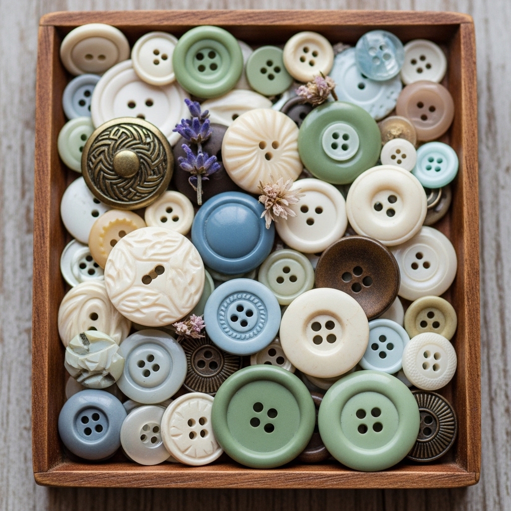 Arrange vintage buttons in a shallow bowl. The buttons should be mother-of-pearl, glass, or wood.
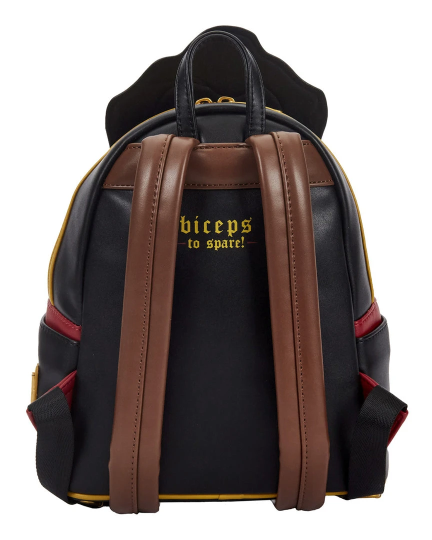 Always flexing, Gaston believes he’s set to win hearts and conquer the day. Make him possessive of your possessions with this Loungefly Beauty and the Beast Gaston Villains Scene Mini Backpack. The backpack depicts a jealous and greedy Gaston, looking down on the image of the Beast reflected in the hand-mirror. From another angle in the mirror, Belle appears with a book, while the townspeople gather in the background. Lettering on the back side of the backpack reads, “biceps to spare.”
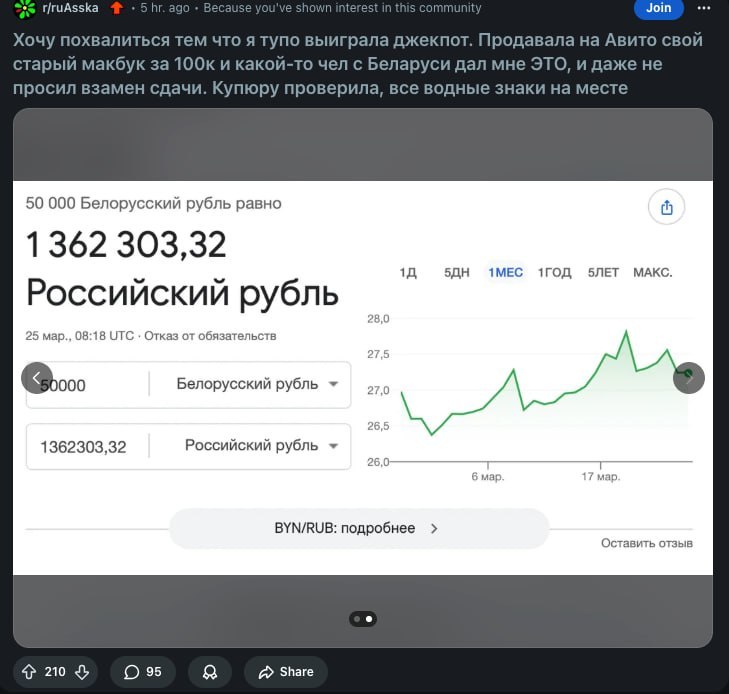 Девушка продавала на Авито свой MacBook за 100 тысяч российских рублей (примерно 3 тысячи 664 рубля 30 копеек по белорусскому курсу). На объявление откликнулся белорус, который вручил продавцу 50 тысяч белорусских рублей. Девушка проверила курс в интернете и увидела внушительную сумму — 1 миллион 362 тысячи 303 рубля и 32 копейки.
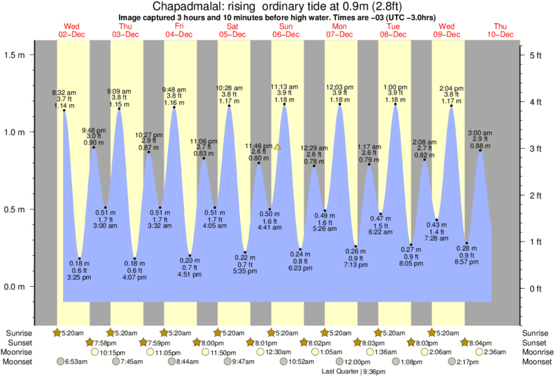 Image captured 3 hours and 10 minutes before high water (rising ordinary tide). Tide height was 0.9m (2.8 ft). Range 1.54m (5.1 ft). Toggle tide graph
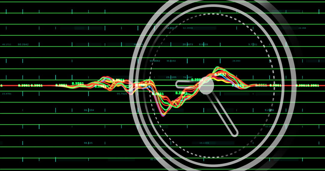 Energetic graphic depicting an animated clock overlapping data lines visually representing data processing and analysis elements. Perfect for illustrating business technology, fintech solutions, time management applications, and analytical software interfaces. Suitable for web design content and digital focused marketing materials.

■ WORK REQUIRED:
Write the listing above out again exactly, but not the images it holds.

■ YOUR RESPONSE:
 Arrange vintage buttons in a shallow bowl. The buttons should be mother-of-pearl, glass, or wood.
 Always flexing, Gaston believes he’s set to win hearts and conquer the day. Make him possessive of your possessions with this Loungefly Beauty and the Beast Gaston Villains Scene Mini Backpack. The backpack depicts a jealous and greedy Gaston, looking down on the image of the Beast reflected in the hand-mirror. From another angle in the mirror, Belle appears with a book, while the townspeople gather in the background. Lettering on the back side of the backpack reads, “biceps to spare.”
 Девушка продавала на Авито свой MacBook за 100 тысяч российских рублей (примерно 3 тысячи 664 рубля 30 копеек по белорусскому курсу). На объявление откликнулся белорус, который вручил продавцу 50 тысяч белорусских рублей. Девушка проверила курс в интернете и увидела внушительную сумму — 1 миллион 362 тысячи 303 рубля и 32 копейки.
 Image captured 3 hours and 10 minutes before high water (rising ordinary tide). Tide height was 0.9m (2.8 ft). Range 1.54m (5.1 ft). Toggle tide graph
 Energetic graphic depicting an animated clock overlapping data lines visually representing data processing and analysis elements. Perfect for illustrating business technology, fintech solutions, time management applications, and analytical software interfaces. Suitable for web design content and digital focused marketing materials.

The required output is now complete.